### INPUT
_____

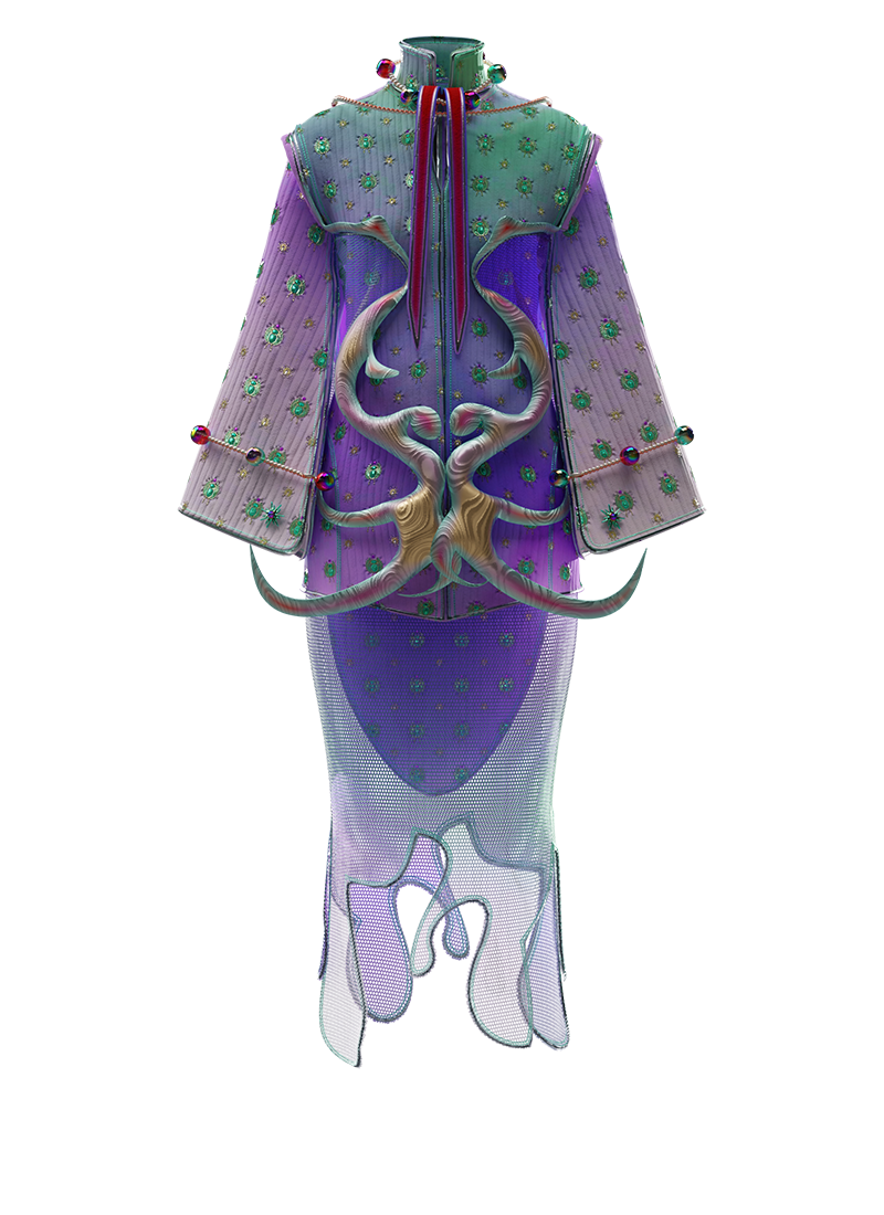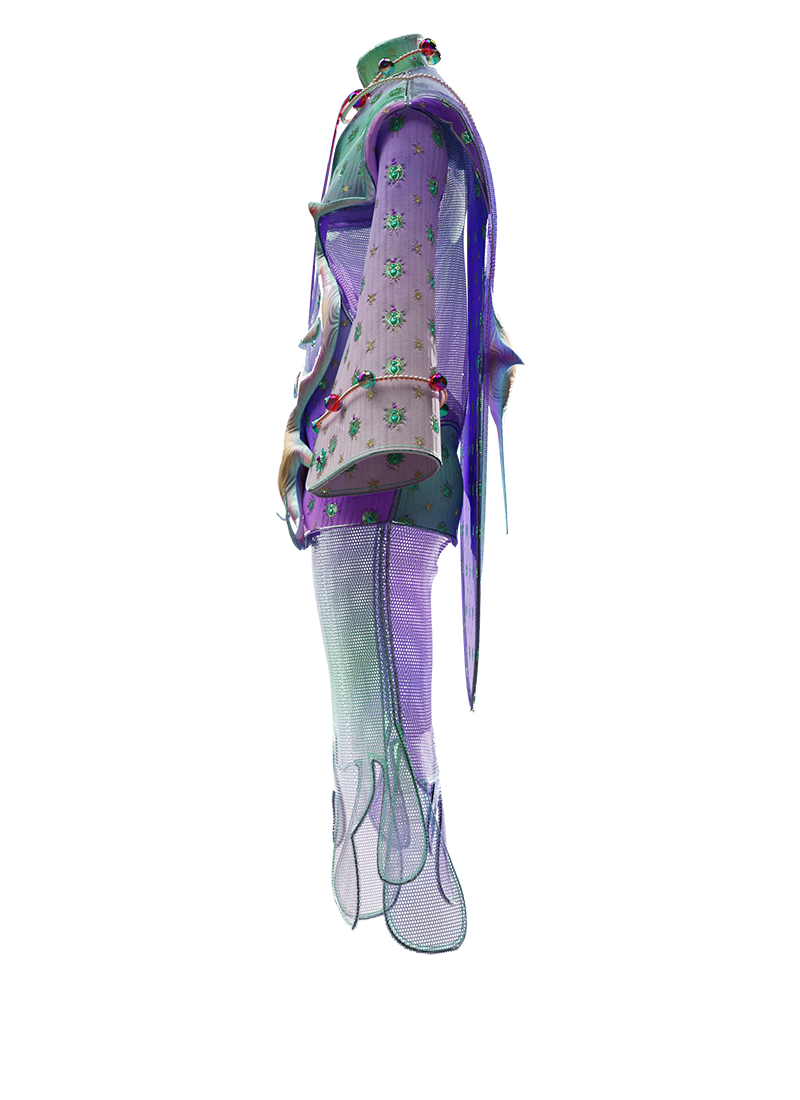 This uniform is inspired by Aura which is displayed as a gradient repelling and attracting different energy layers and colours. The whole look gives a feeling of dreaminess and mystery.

_____

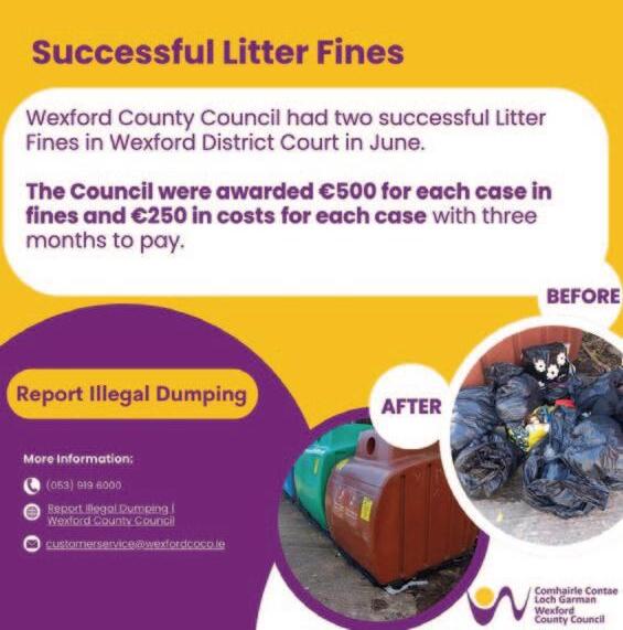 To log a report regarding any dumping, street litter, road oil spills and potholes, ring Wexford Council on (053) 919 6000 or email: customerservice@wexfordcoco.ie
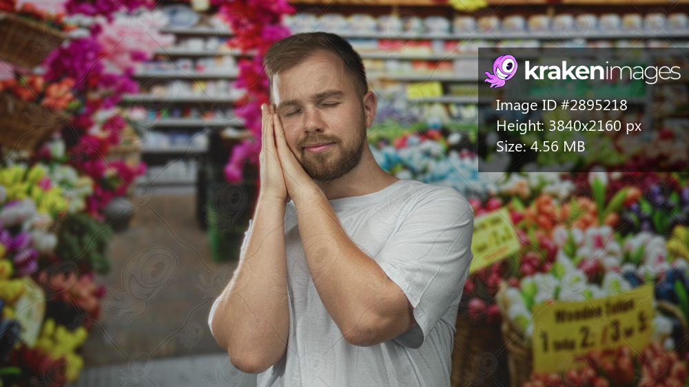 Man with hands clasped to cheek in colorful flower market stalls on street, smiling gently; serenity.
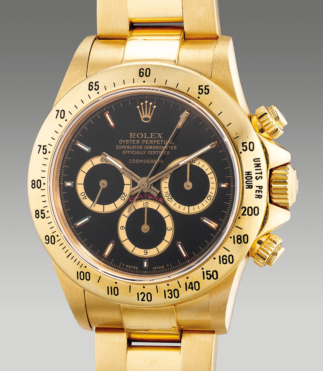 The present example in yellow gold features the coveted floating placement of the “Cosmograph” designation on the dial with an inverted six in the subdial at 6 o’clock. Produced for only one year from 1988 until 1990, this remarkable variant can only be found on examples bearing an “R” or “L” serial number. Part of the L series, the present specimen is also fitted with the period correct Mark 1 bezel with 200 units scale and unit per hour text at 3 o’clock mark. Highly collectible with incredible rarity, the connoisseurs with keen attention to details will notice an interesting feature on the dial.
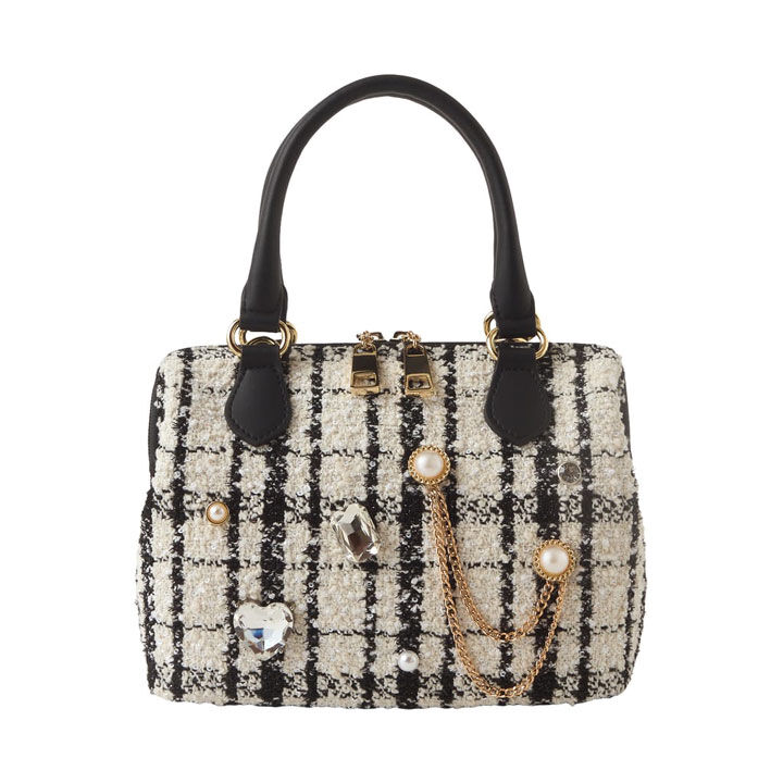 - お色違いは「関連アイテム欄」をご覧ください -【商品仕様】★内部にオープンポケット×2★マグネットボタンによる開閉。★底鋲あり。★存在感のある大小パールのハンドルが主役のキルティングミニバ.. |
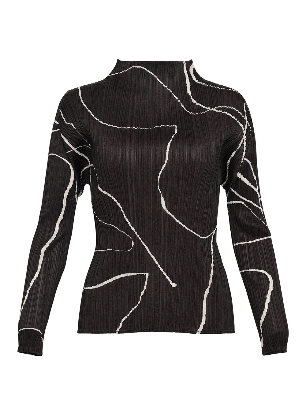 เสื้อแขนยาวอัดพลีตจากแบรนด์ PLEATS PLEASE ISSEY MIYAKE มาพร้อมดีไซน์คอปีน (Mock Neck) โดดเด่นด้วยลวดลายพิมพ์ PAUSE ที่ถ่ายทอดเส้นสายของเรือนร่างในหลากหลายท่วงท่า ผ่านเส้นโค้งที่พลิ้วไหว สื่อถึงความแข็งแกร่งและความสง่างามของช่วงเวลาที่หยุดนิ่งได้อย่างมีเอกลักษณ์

_____

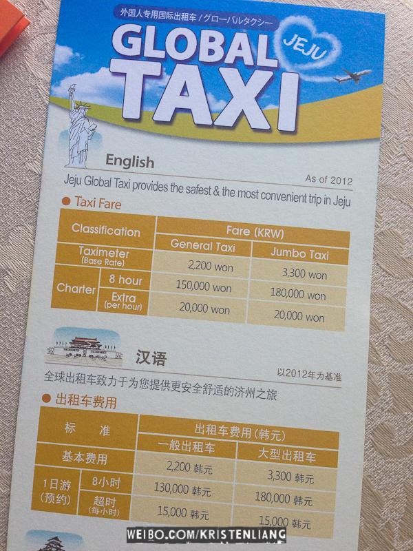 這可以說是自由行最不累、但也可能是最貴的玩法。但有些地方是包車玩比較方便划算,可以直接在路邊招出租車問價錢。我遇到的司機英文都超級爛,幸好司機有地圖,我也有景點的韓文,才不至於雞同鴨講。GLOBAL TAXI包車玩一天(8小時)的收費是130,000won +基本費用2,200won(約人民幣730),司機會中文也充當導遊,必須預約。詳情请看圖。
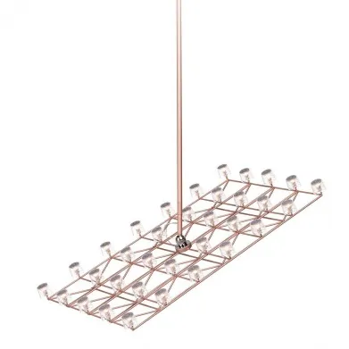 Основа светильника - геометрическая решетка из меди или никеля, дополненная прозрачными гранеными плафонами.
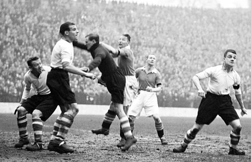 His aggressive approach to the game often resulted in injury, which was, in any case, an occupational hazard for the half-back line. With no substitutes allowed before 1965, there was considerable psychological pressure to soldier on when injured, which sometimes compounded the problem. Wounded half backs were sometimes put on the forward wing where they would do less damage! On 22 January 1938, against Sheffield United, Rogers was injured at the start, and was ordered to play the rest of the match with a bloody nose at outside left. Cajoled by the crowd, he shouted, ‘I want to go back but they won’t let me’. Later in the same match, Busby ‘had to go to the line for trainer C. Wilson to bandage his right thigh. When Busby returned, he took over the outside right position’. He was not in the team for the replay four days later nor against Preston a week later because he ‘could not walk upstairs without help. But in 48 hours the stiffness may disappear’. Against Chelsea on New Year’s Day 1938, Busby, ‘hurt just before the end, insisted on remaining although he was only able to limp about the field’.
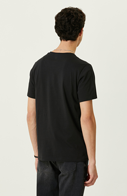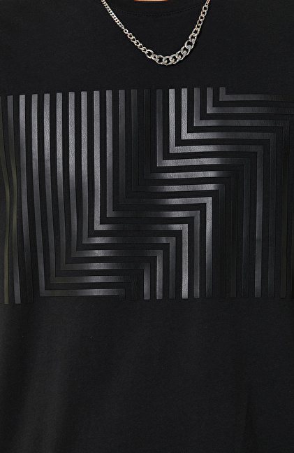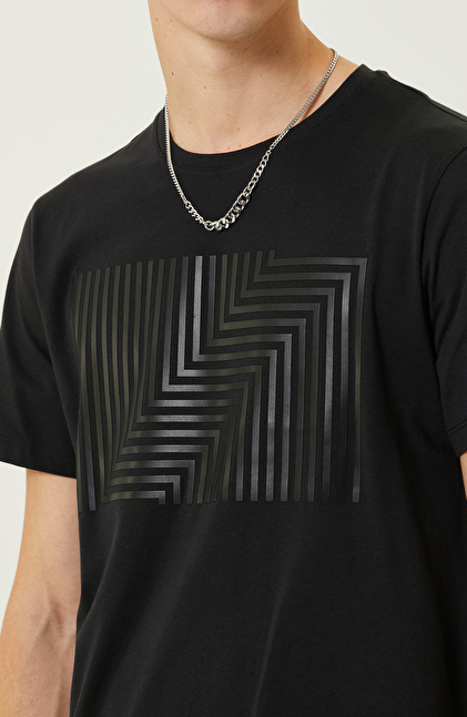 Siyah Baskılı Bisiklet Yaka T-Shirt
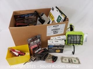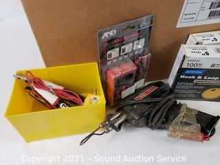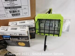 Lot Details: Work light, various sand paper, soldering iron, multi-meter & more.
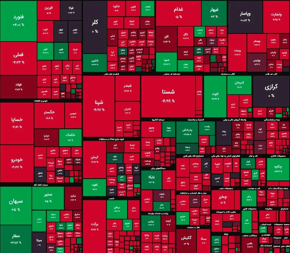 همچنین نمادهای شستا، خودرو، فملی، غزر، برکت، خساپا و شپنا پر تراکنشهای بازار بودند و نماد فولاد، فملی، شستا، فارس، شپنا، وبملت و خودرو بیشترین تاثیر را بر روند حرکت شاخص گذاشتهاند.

_____

### WORK INSTRUCTION
Extract from the material above the stretch running from the line containing "The present example" through the line containing "เสื้อแขนยาวอัดพลีตจากแบรนด์ PLEATS PLEASE". Keep the text exact and the pictures out.

### TASK ANSWER
 The present example in yellow gold features the coveted floating placement of the “Cosmograph” designation on the dial with an inverted six in the subdial at 6 o’clock. Produced for only one year from 1988 until 1990, this remarkable variant can only be found on examples bearing an “R” or “L” serial number. Part of the L series, the present specimen is also fitted with the period correct Mark 1 bezel with 200 units scale and unit per hour text at 3 o’clock mark. Highly collectible with incredible rarity, the connoisseurs with keen attention to details will notice an interesting feature on the dial.
 - お色違いは「関連アイテム欄」をご覧ください -【商品仕様】★内部にオープンポケット×2★マグネットボタンによる開閉。★底鋲あり。★存在感のある大小パールのハンドルが主役のキルティングミニバ.. |
 เสื้อแขนยาวอัดพลีตจากแบรนด์ PLEATS PLEASE ISSEY MIYAKE มาพร้อมดีไซน์คอปีน (Mock Neck) โดดเด่นด้วยลวดลายพิมพ์ PAUSE ที่ถ่ายทอดเส้นสายของเรือนร่างในหลากหลายท่วงท่า ผ่านเส้นโค้งที่พลิ้วไหว สื่อถึงความแข็งแกร่งและความสง่างามของช่วงเวลาที่หยุดนิ่งได้อย่างมีเอกลักษณ์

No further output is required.